**Brief:** Everything in the listing below has to be repeated exactly, except the pictures.

**Provided material:**
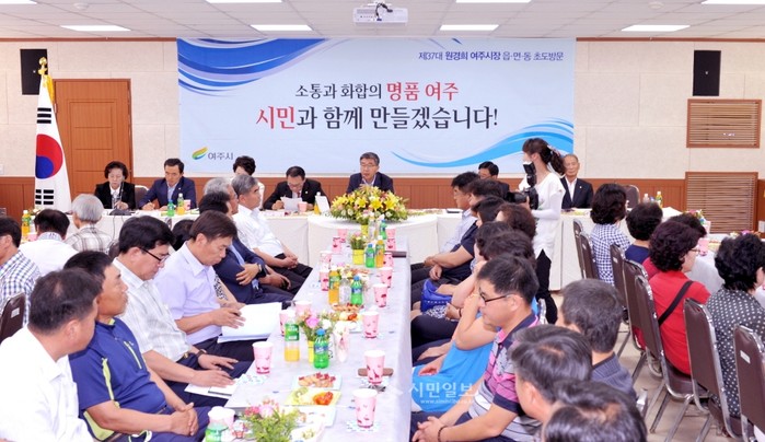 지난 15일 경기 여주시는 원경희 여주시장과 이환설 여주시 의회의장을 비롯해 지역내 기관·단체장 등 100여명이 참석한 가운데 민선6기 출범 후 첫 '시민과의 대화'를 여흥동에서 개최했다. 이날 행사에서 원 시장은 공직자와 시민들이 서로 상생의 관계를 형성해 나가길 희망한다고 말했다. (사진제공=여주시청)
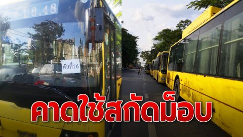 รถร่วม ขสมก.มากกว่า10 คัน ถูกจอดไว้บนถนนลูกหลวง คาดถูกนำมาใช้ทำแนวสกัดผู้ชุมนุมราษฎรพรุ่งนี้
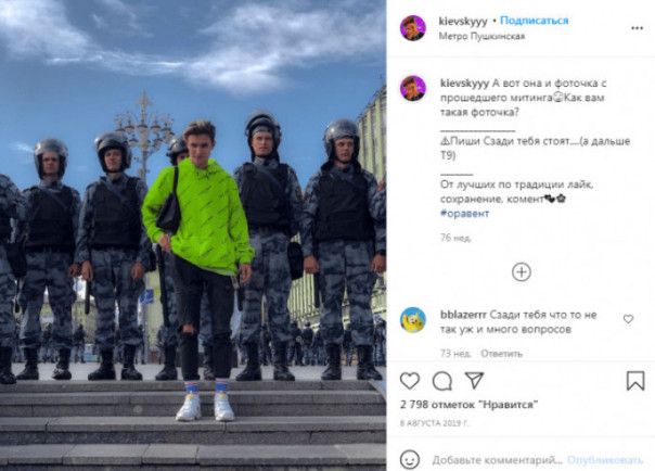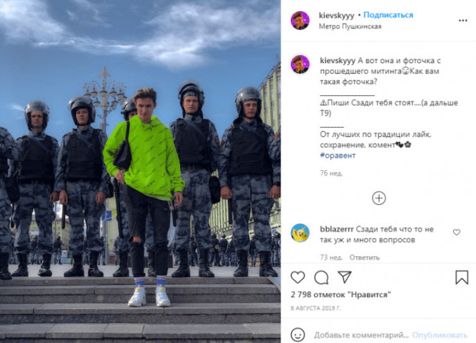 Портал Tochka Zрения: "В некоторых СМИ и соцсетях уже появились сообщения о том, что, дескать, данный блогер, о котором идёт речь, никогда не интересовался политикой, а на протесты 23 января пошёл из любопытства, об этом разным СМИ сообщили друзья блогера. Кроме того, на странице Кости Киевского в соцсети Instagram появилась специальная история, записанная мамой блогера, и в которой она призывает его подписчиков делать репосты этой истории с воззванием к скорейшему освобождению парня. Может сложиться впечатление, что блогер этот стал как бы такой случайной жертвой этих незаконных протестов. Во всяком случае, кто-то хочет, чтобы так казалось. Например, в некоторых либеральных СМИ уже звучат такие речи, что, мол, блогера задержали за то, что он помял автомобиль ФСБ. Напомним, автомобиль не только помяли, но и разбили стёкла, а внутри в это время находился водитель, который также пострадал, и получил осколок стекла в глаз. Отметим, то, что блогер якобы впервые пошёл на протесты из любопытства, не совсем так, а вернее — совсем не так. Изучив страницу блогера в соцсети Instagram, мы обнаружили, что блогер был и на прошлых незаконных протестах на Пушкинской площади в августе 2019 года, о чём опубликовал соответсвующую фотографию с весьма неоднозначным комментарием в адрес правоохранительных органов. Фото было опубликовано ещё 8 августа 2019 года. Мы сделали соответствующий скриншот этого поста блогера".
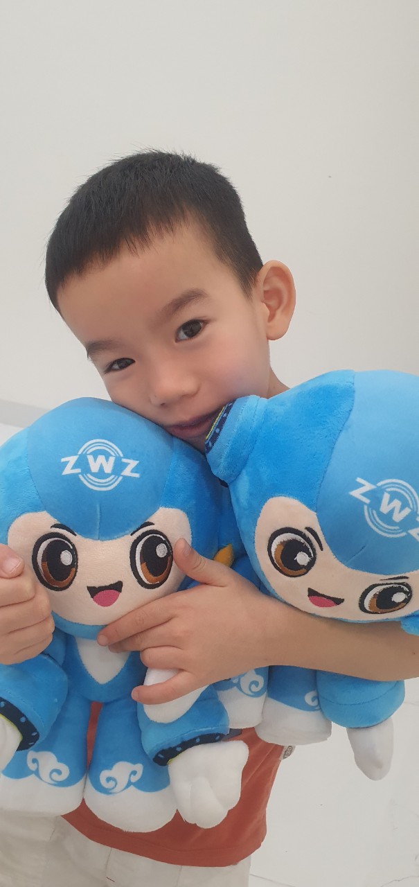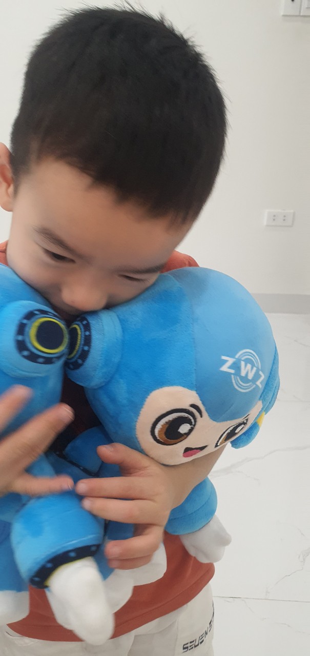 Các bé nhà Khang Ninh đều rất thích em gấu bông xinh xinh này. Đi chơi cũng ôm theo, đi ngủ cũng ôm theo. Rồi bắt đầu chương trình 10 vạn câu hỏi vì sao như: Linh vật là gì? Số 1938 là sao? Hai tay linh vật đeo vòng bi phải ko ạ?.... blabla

**Exercise result:**
 지난 15일 경기 여주시는 원경희 여주시장과 이환설 여주시 의회의장을 비롯해 지역내 기관·단체장 등 100여명이 참석한 가운데 민선6기 출범 후 첫 '시민과의 대화'를 여흥동에서 개최했다. 이날 행사에서 원 시장은 공직자와 시민들이 서로 상생의 관계를 형성해 나가길 희망한다고 말했다. (사진제공=여주시청)
 รถร่วม ขสมก.มากกว่า10 คัน ถูกจอดไว้บนถนนลูกหลวง คาดถูกนำมาใช้ทำแนวสกัดผู้ชุมนุมราษฎรพรุ่งนี้
 Портал Tochka Zрения: "В некоторых СМИ и соцсетях уже появились сообщения о том, что, дескать, данный блогер, о котором идёт речь, никогда не интересовался политикой, а на протесты 23 января пошёл из любопытства, об этом разным СМИ сообщили друзья блогера. Кроме того, на странице Кости Киевского в соцсети Instagram появилась специальная история, записанная мамой блогера, и в которой она призывает его подписчиков делать репосты этой истории с воззванием к скорейшему освобождению парня. Может сложиться впечатление, что блогер этот стал как бы такой случайной жертвой этих незаконных протестов. Во всяком случае, кто-то хочет, чтобы так казалось. Например, в некоторых либеральных СМИ уже звучат такие речи, что, мол, блогера задержали за то, что он помял автомобиль ФСБ. Напомним, автомобиль не только помяли, но и разбили стёкла, а внутри в это время находился водитель, который также пострадал, и получил осколок стекла в глаз. Отметим, то, что блогер якобы впервые пошёл на протесты из любопытства, не совсем так, а вернее — совсем не так. Изучив страницу блогера в соцсети Instagram, мы обнаружили, что блогер был и на прошлых незаконных протестах на Пушкинской площади в августе 2019 года, о чём опубликовал соответсвующую фотографию с весьма неоднозначным комментарием в адрес правоохранительных органов. Фото было опубликовано ещё 8 августа 2019 года. Мы сделали соответствующий скриншот этого поста блогера".
 Các bé nhà Khang Ninh đều rất thích em gấu bông xinh xinh này. Đi chơi cũng ôm theo, đi ngủ cũng ôm theo. Rồi bắt đầu chương trình 10 vạn câu hỏi vì sao như: Linh vật là gì? Số 1938 là sao? Hai tay linh vật đeo vòng bi phải ko ạ?.... blabla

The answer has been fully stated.